Enclosed please find the Annual Operating Report for the Penn State Breazeale Reactor (PSBR) located at the Radiation Science and Engineering Center. This report covers the period from July I, 2020 to June 30, 2021 , as required by our Facility Operating License R-2, Appendix A, Section 6.6.1.

Please contact me with any questions you have regarding this report.

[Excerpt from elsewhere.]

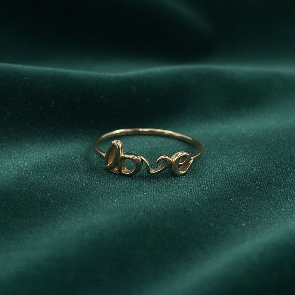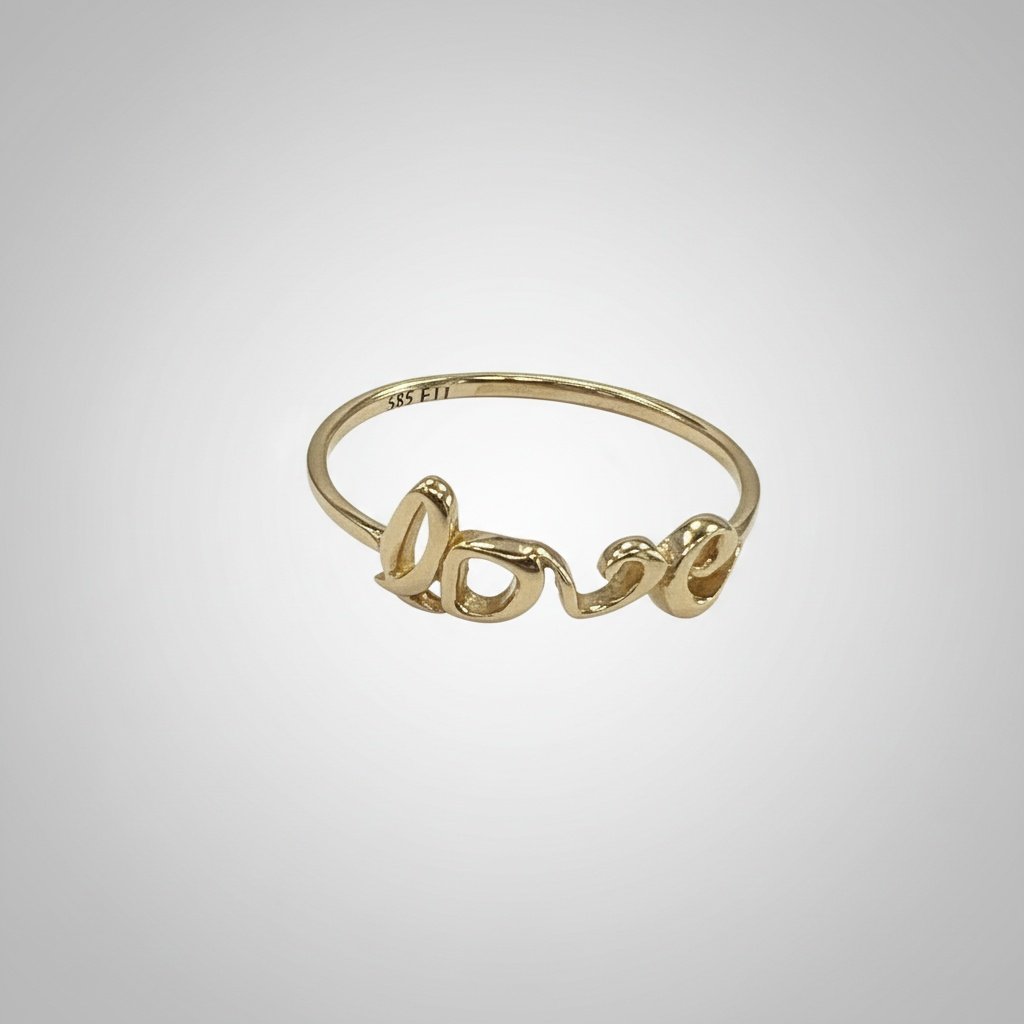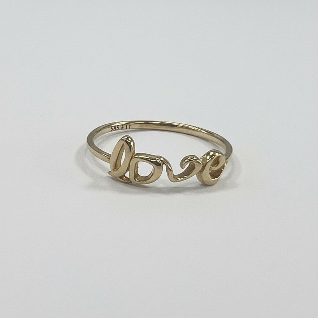 14K Yellow Gold LOVE Script Ring Women’s Size 7 Modern Romantic Dainty Fine Jewelry

Sincerely, Acting Director Associate Director for Operations Radiation Science and Engineering Center 109 Breazeale Nuclear Reactor University Park, PA 16802

Enclosures:

Annual Operating Report, FY 20-21 cc: L. Weiss J. Schwartz A. Atch ley K. Unlu L. Pauley Y.Guo A. Wilmot X. Yin - NRC M. Balazik - NRC D. Morrell - DOE Co llege of Eng ineering An Equal Opportun ity Uni versi ty

Penn State Breazeale Reactor Annual Operating Report, FY 2020 - 2021 License R-2, Docket 50-005 Reactor Utilization The Radiation Science and Engineering Center (RSEC) houses the Penn State Breazeale Reactor (PSBR), a TRI GA Mark III reactor capable of 1 MW steady state operation and pulses of up to approximately 2000 MW peak power. Utilization of the reactor and its associated facilities falls into three major categories:

Education The RSEC ' s several radiation laboratories allow for an interactive learning environment and supply the equipment necessary for several Nuclear Engineering courses. The RSEC hosts approximately 3000 visitors each year for public outreach and educational support. These visits vary from visiting faculty and graduate level classes to scouting and middle school field trips . The number of in-person visits was greatly reduced in 2020 and 2021 due to COVID restrictions.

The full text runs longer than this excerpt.